- [Data provided]:
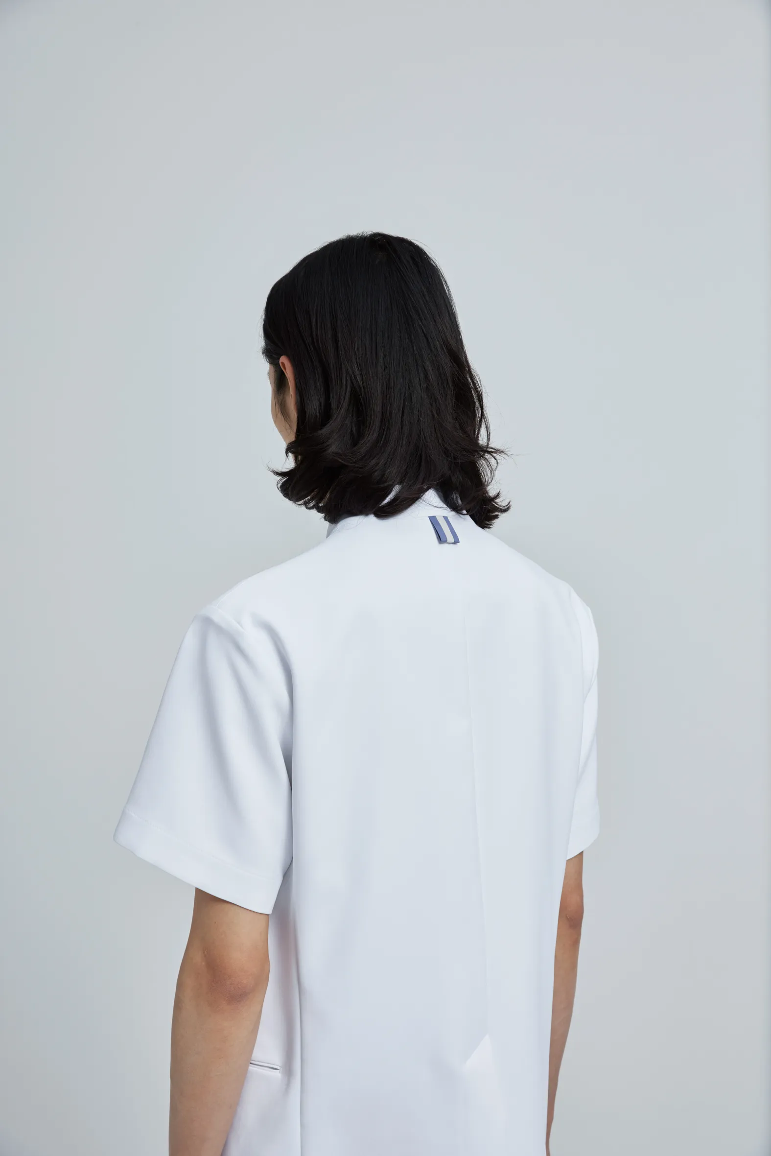 生地はシルクのように滑らかで、柔らかく膨らみのあるスポンディッシュな素材感が特徴の「urban tech」シリーズ。 着心地の良さに加えて、ストレッチ、ノンアイロン、透け防止、吸水速乾、静電防止、軽量、衿裏汚れ防止の高機能も網羅する白衣。
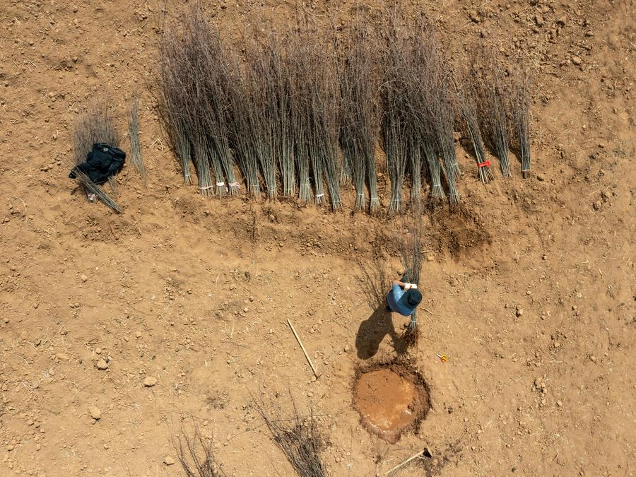 An aerial drone photo taken on March 10, 2024 shows a villager bundling up Cut-leaf Crabapple saplings in Daofu County, southwest China's Sichuan Province. (Xinhua/Shen Bohan)
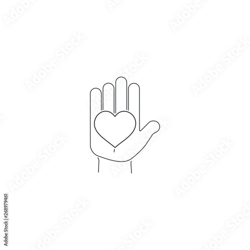 Heart on the hand. Vector linear icon.
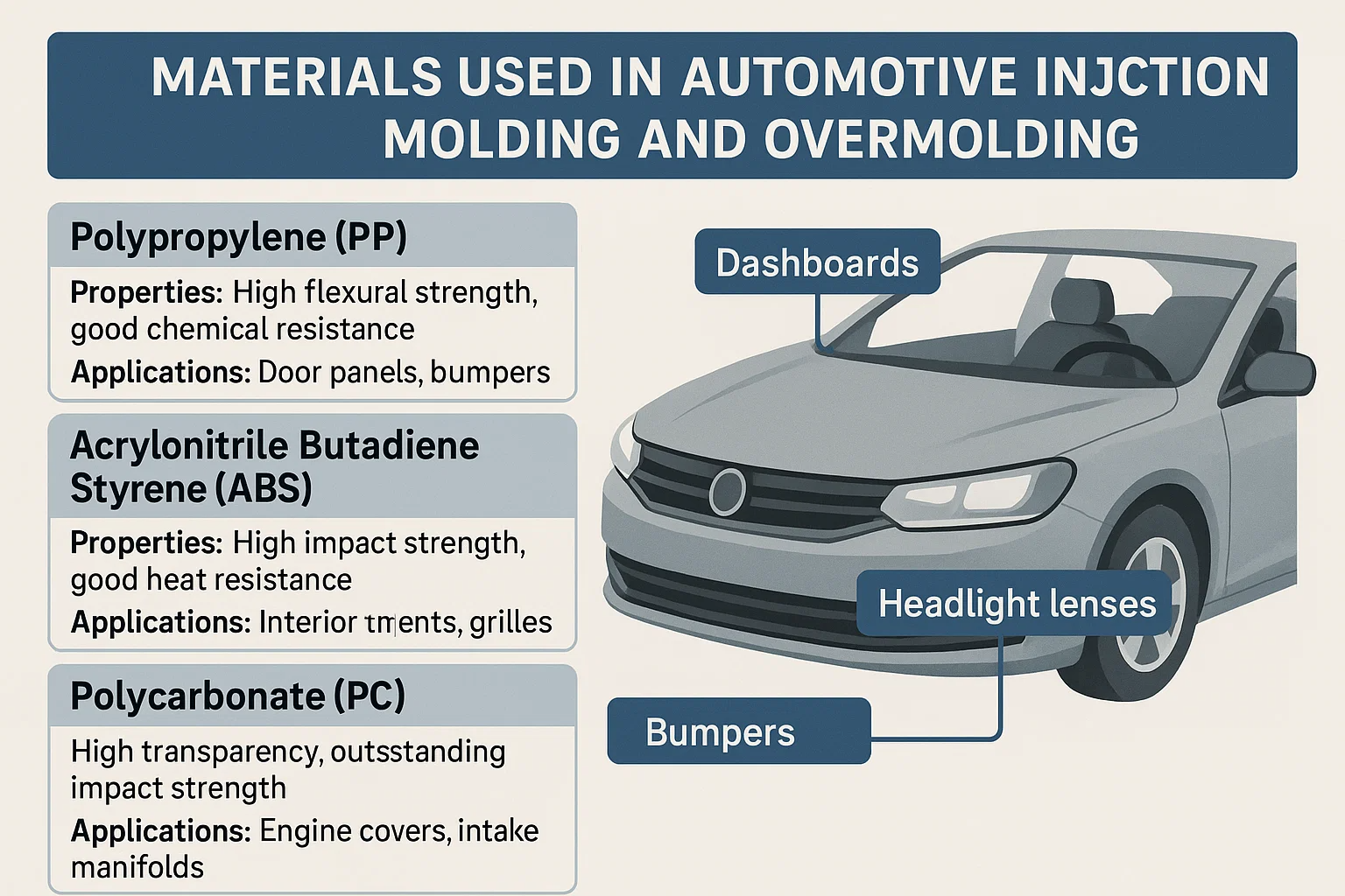 Polypropylène (Pp): Un plastique léger et à faible coût avec une excellente résistance chimique, ce qui le rend idéal pour les applications sous le capot et intérieures.
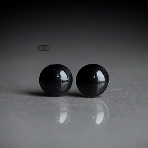 Ceramiczne okrągłe kolczyki w formie sztyftów, ręcznie wykonane z delikatnej czekoladowobrązowej gliny kamionkowej, jednostronnie szkliwione mieszanką czarnych szkliw z efektem plamek, na antyalergicznych sztyftach w kolorze srebrnym. Średnica ok. 9mm. Polecam
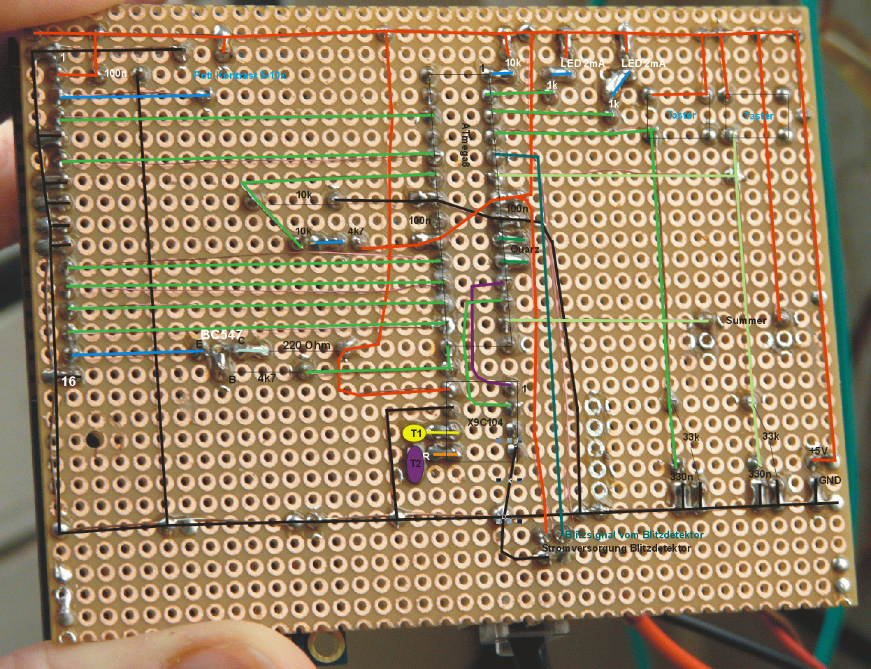 Der Prototyp wurde auf Lochrasterplatine aufgebaut, er enthält nur den Blitzzähler, nicht den Blitzdetektor! der Blitzdetektor wird separat per Kabel angebunden.

- [Work item]: Provide the listing above once more, exactly, with the pictures removed.

- [Task output]:
 生地はシルクのように滑らかで、柔らかく膨らみのあるスポンディッシュな素材感が特徴の「urban tech」シリーズ。 着心地の良さに加えて、ストレッチ、ノンアイロン、透け防止、吸水速乾、静電防止、軽量、衿裏汚れ防止の高機能も網羅する白衣。
 An aerial drone photo taken on March 10, 2024 shows a villager bundling up Cut-leaf Crabapple saplings in Daofu County, southwest China's Sichuan Province. (Xinhua/Shen Bohan)
 Heart on the hand. Vector linear icon.
 Polypropylène (Pp): Un plastique léger et à faible coût avec une excellente résistance chimique, ce qui le rend idéal pour les applications sous le capot et intérieures.
 Ceramiczne okrągłe kolczyki w formie sztyftów, ręcznie wykonane z delikatnej czekoladowobrązowej gliny kamionkowej, jednostronnie szkliwione mieszanką czarnych szkliw z efektem plamek, na antyalergicznych sztyftach w kolorze srebrnym. Średnica ok. 9mm. Polecam
 Der Prototyp wurde auf Lochrasterplatine aufgebaut, er enthält nur den Blitzzähler, nicht den Blitzdetektor! der Blitzdetektor wird separat per Kabel angebunden.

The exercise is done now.